The University of Pennsylvania was my first 50 yard pool. It was enormous! I got to use it just once a year at the Philadelphia all-city swim meets, for the two years I competed in high school. I swam the 100 yard freestyle, but I trained and competed all season in 25 yard pools. Come spring during the big city meet in that 50 yard pool, it felt like 100 yards was swimming over to Jersey and back. Since I only had one wall to bounce off, I couldn’t judge the competition. Am I winning my heat? I don’t know. I’m in open water. Is that a tug boat? The sound during those meets was deafening. Hundreds of teenage teammates and parents filled the stands, screaming encouragement at their favorite competitors who were for one, busy, and two, had their heads in water. The space was loud, but the swimmers couldn’t hear a thing.
The MIT pool is also big. It’s somewhere between 50 yards and 5 miles long. I should say it’s the “new” MIT pool. The older Alumni pool is a fancier version of the old dingy Y pools, but with bleachers and only a slightly better paint job. The pool in the newer athletic facility gets some natural light and is the size of an entire zip code. This was the pool we used for WSI class. The first day of class the instructor said, “To warm up, everybody swim to the other end of the pool and back, any stroke you want. I want to see how you swim.” OK, what time do you want us back?
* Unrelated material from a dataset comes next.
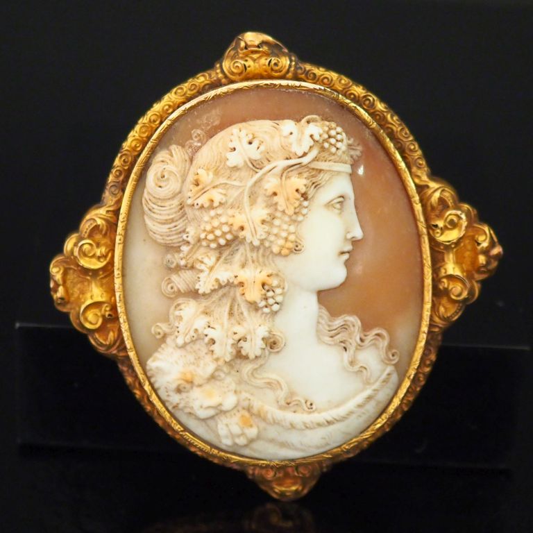 Importante broche en or jaune 750, sertie en son centre d'un camée figurant une jeune femme aux pampres. Très jolie monture, à décor d'enroulements et de consoles. 6,5 x 6,2 cm Poids tel. 21,95 g (petits accidents et restaurations à la monture, pique en métal)

I have dinner plans.
The only people who swim in 50 yard pools are adults swimming laps and teenagers, who are either doing competition training or life guard classes. Which means that when there isn’t an all-city competition, 50 yard pools sound different than 25 yard pools. Sure the walls are further apart, so sound reflection is less severe, but otherwise 50 yard pools are in huge bright rooms with petite well trained splashes. There’s no yelling or screaming; no diving and coming up with pool toys; no audio color. People are there to just put one arm in front of the other. So 50 yard pools lack some character. I wonder how many rich guys have 50 yard pools. If for no other reason than so women can see them and think to themselves, “Wow, that’s a big pool. I wonder what he’s compensating for?”
Then there are hotels. In the movie Up In The Air, George Clooney’s character is seen swimming laps in a 25 yard hotel lap pool. Where the hell is that hotel? It doesn’t matter – I couldn’t afford it if I knew. I’ve never seen a hotel with a 25 yard lap pool. The hotel chains I stay in hire architects on crack. The pools are weird rounded shapes vaguely resembling a kidney or an amoeba. You have to be on crack to look to microbiology for shape inspiration for a pool. Or maybe it’s some concrete contractor having fun after smoking a lot of pot.
“Dude, if you cover one eye, the pool kinda looks like a turd, doesn’t it? So Cool! So I thought we’d dot the turd with a little round hot tub next to it. I mean come on – what do people expect for 75 bucks a night, right?”
When I wanted to improve my strokes before WSI training, I found the site for Total Immersion Swimming. Their videos are great, but they demonstrate some of their strokes using an Endless Pool. An endless pool is basically an overblown bathtub with a current. Swim against the current and you never reach the end of the tub. Like magic, a pool where size can’t matter. Yeah well, as my mother used to tell me, “Save all your pennies and one day…” But she would never finish that sentence. One day I’ll be able to afford my own pool, which will be the right size and which I hope to use endlessly. And it will have pool toys – for color.